As per upstream: A DN may be represented in string form with arbitrary amounts of space around the component values. These spaces are supposed to be ignored, but invalid DNs strings with spaces may instead cause a zero byte to be written into out-of-bounds memory. An LDAP bind request can send a string DN as a username. This DN is necessarily parsed before the password is checked, so an attacker without real credentials can anonymously trigger this bug. The location of zero byte is a negative offset relative to the location of a dynamically allocated heap buffer; the exact offset depends on the DN string. While it is possible for an attacker to cause non-fatal data corruption, usefully targeting this is likely to be difficult and the most likely outcome is a crash. The affected parsing routine is widely used.
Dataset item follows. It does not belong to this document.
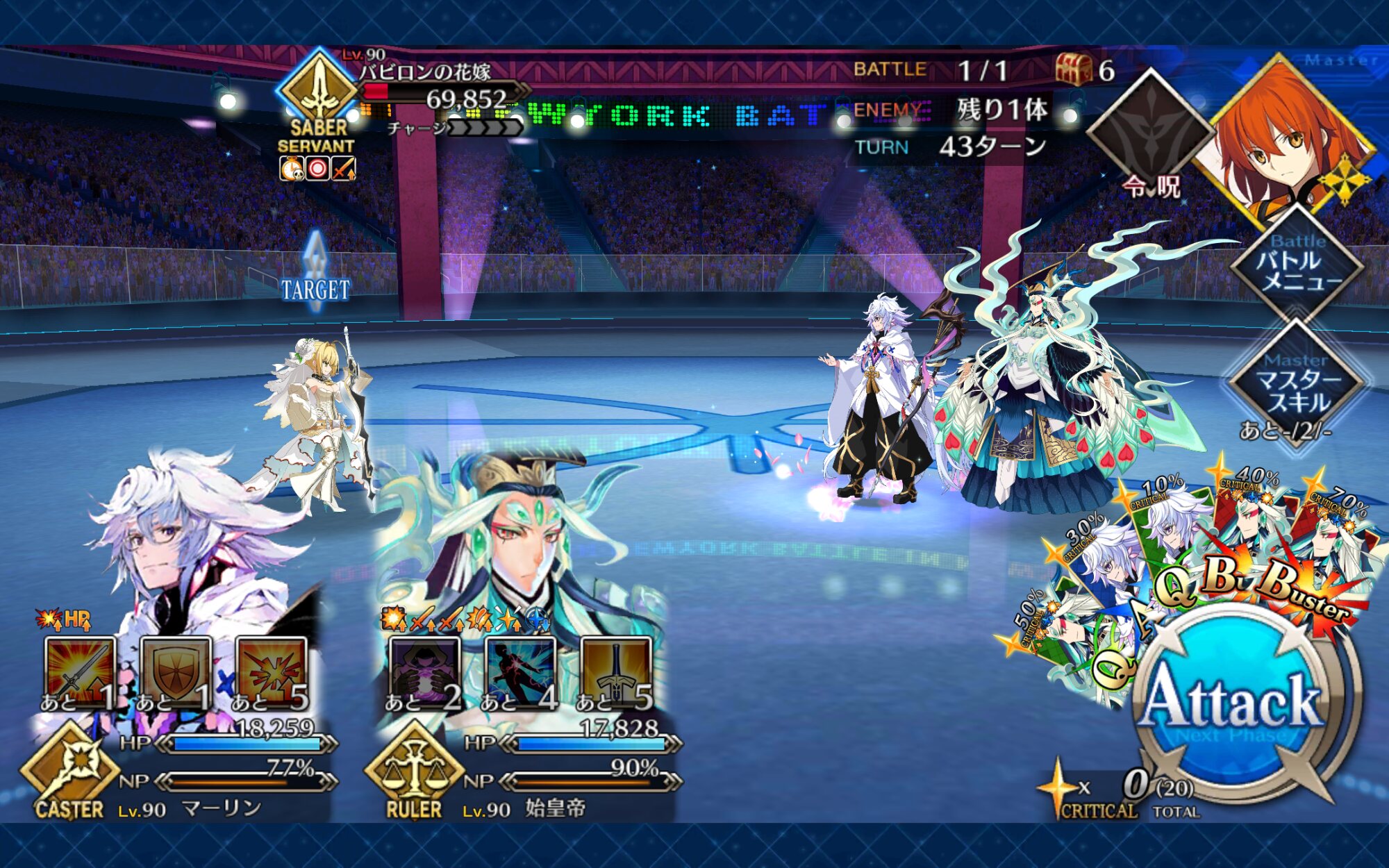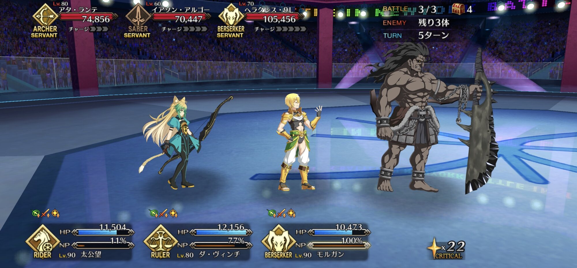 カード運とか絡むとはいえ、その気になれば多少不利な相手もクリティカルバフの数とNP回転率とルーラー特有の耐久力で誤魔化せる辺り十分偉いよヘラクレス…頼みがあるんですがちょっと誰かに星出しスキル学んできてくれないか…?

LDAP bind is not the only way to trigger the bug remotely, though it appears to be the only unauthenticated method.
Acknowledgments: Name: the Samba Project Upstream: Douglas Bagnall (Catalyst and the Samba Team)
Created samba tracking bugs for this issue: Affects: fedora-all [bug 1942496]
External References: https://www.samba.org/samba/security/CVE-2020-27840.html
This bug is now closed. Further updates for individual products will be reflected on the CVE page(s): https://access.redhat.com/security/cve/cve-2020-27840
Statement: This flaw does not affect the version of Samba shipped with Red Hat Enterprise Linux and Red Hat Gluster Storage 3 because there is no support for Samba as Active Directory Domain Controller.